Opt for the plain varieties of frozen vegetables. Skip the vegetables with gravies, cheese sauces, and even those labels as “lightly seasoned”. They may be light in taste, but check the nutrition label for hidden excess sodium and fat.
Be mindful of “par-fried” items – I’m looking at you frozen French fries. Par-fried means they item has been blanched, which involved partially frying the food but not browning it, so that it must be cooked again before serving. Even though you might be baking your frozen French fries at home, they are still fried.
Ways to use frozen vegetables:
- Blend it into hummus for added fiber.
- Stretch soup into more servings by adding frozen veggies.
- Toss into a chili.
- Keep up with the trend. Now frozen cauliflower rice, rice broccoli and riced sweet potatoes are taking spots on the frozen shelf, ready to be turned into a stir-fry.
According to the 2015 Dietary Guidelines for Americans, it is recommended for Americans that half of their daily intake of grains should be from whole grains. Look for the first word on the ingredient list to be the word “whole”, the options are limitless! Here are a few obscure options you may enjoy.
Ways to use frozen grains:
- Choose whole grain waffles for a great way to start your morning. Top your waffles with a fruit “syrup” like mentioned above.
- Add frozen barely or farro to soups.
- Quickly thaw frozen quinoa and add to salads or stir-fries.
The frozen aisles not only carry raw animal sources of proteins, but also pre-cooked frozen options as well. Typically wholesale items are available of proteins at an affordable price. Just be sure to thaw frozen raw protein properly.
Don’t forget about the plant-based proteins in the frozen aisle. Shelled edamame is a protein-packed and convenient choice. Grocery stores are now stocking the shelves with frozen black beans, lentils, and other legume varieties.
Ways to use frozen protein:
- Thaw and cook any beef, chicken, fish, etc. like you would if you bought it fresh.
- Thaw pre-cooked sliced chicken breast and add to a salad.
- Toss frozen edamame into a quick stir fry.
- Create black bean burgers with thawed black beans.
There is a whole other refrigerated aisle dedicated to whole food dairy items, like milk, yogurt, and cheeses, but the frozen aisle does go beyond just ice cream. There are now many yogurt based ice creams and frozen treats.
Ways to use frozen dairy:
- Pair a scoop of ice cream with some fruit and nuts
- Enjoy a frozen yogurt bar for dessert
- Make this heavenly, vegan watermelon, coconut, and strawberry ice cream recipe
Frozen meals have come a long ways compared to what they once used to be.

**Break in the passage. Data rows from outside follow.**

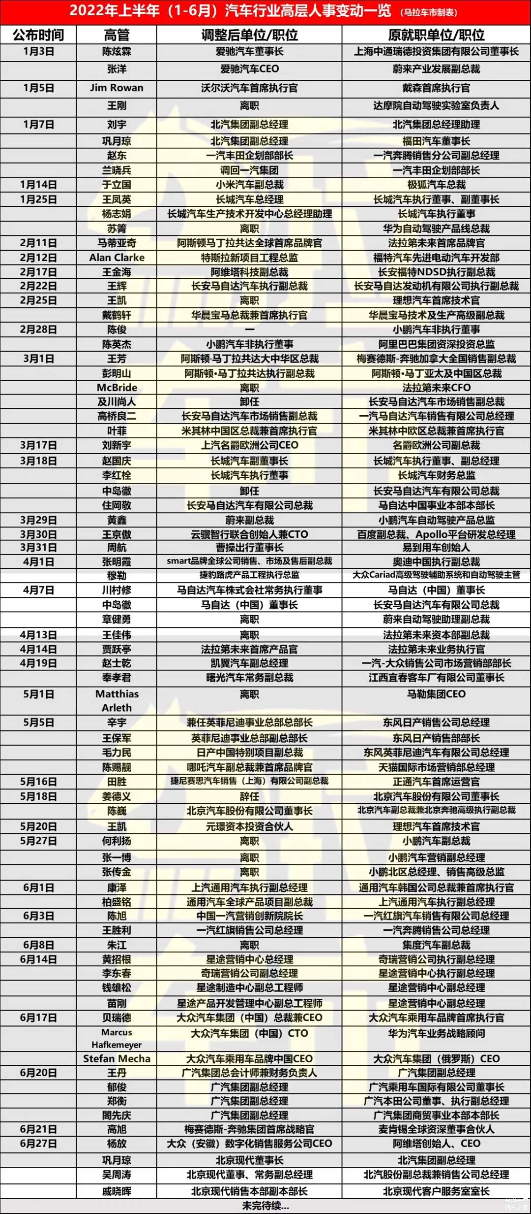 2022年上半年已然完结,马拉车市通过查询车企相关公告,整理、汇总出了2022年上半年汽车行业内的高层人事变动消息。
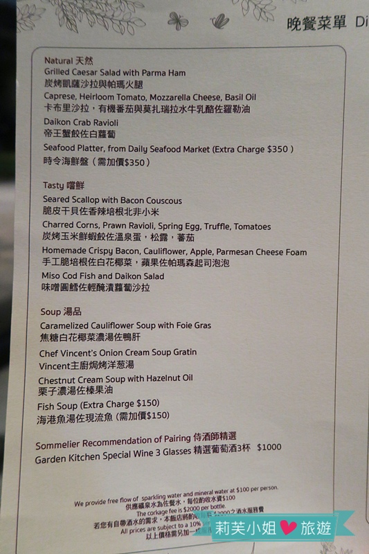 水資的部分每個人100元,提供義大利礦泉水或是氣泡水兩種。接下來就準備開始享受今晚的餐點,老饕牛排與伊比利豬套餐。花園廚房替每道餐點取了極為雅致的名稱,括號後方則是我翻譯成一般人通用的形容詞。
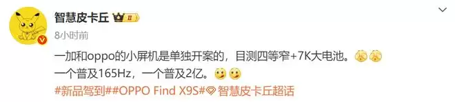 OPPO Find X9s或推15T内存,超大电池7000mAh续航方案曝光
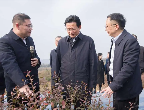 在秋錦山村,蔡邦銀一行實地查看了當(dāng)?shù)厮{(lán)莓的種植情況,并就藍(lán)莓產(chǎn)量產(chǎn)值和市場銷售情況與相關(guān)負(fù)責(zé)人進(jìn)行了深入交流。他要求,要從產(chǎn)業(yè)培育、精深加工等方面持續(xù)發(fā)力,不斷延伸藍(lán)莓產(chǎn)業(yè)鏈,進(jìn)一步推動藍(lán)莓產(chǎn)業(yè)轉(zhuǎn)型升級,拓寬農(nóng)民增收致富渠道,更好發(fā)揮項目聯(lián)農(nóng)帶農(nóng)的作用,為推進(jìn)鄉(xiāng)村全面振興提供產(chǎn)業(yè)支撐。
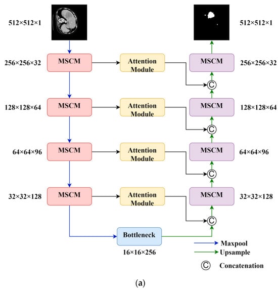 In this section, we take full advantage of the attention mechanism in neural networks, which gives greater weight to focused areas, to address the issues of missing small targets and unclear target boundaries in CT images. We propose an image segmentation method based on the U-Net architecture, incorporating residual [27] as the foundation and multi-scale convolution. We propose a new attention module that combines the attention mechanism and the residual network, effectively increasing the weight of small tumor objects in the image. The network architecture is shown in Figure 2.
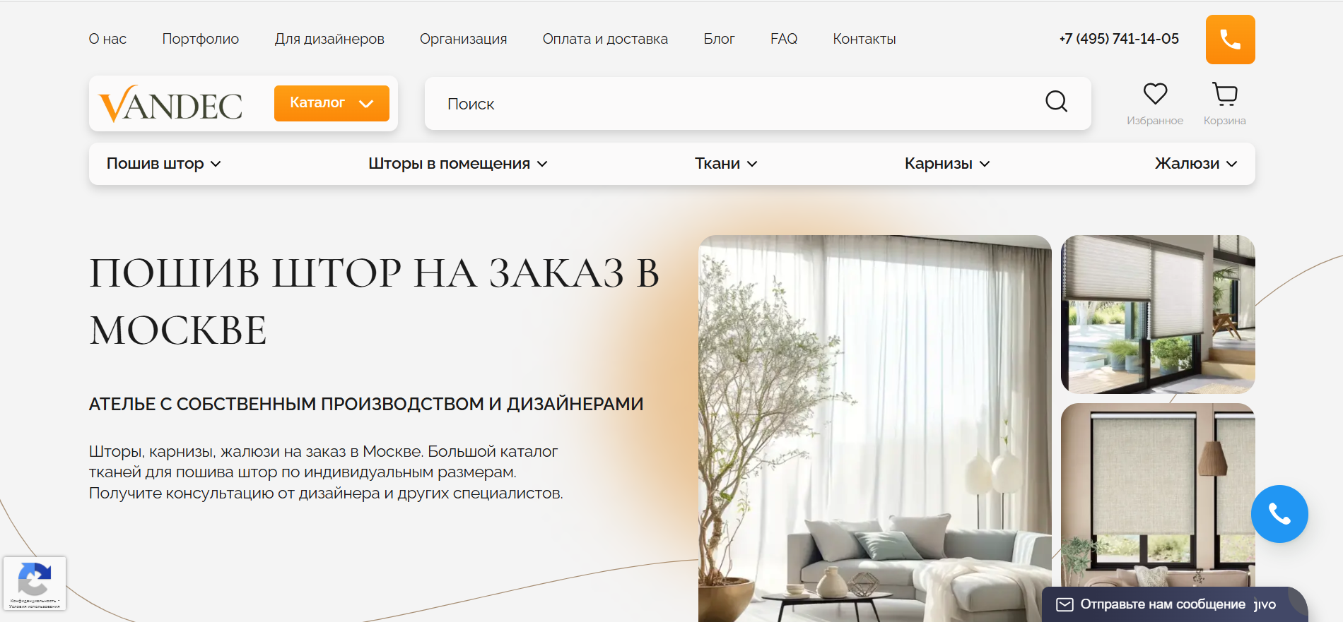 Разработка сайта для магазина штор и жалюзи VANDEC
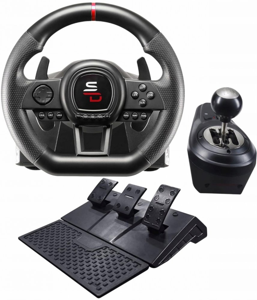 Závodní volant SUPERDRIVE GS650-X s pedály, spojkou i s řadicí pákou Pro náruživé hráče automobilových simulátorů zde máme připravený volant SUPERDRIVE GS650-X. Je kompatibilní s PS4, Xbox Series X/S a Xbox One. Volant disponuje otáčením v rozmezí 270°. Je tedy vhodný zejména pro závodní hry.

In general, look for meals that include one or more servings each of vegetables, whole grains, and lean meat, fish, poultry, or plant-based protein. This combination will be higher in vitamins and minerals as well as fiber (which helps fill you up). Skip frozen dinners with cream sauces, gravies, or fried foods. And although dessert included may look like a bonus, have a piece of fresh fruit instead for more fiber, nutrition, and fewer calories.
It’s important to pay attention to serving sizes. Although they may be lower in calories, smaller entrees may leave you hungry. But don’t be afraid to add a few extras to boost the nutrition and satisfaction. Add a side salad or an extra bag of steamed veggies to up nutritional value of the meal. It also adds extra fiber, so it will fill you up and satisfy your hunger. Looking to bump up the protein? Add 1/2 cup of beans or a sprinkling of nuts to your meal. No additional cooking required!
My favorite trick:
I place a big bed of baby spinach or veggie noodles on my plate then pour the piping hot Luvo frozen meal right on top straight from the microwave or oven. It wilts the spinach or softens the noodles and bulks up the meal with extra vegetables.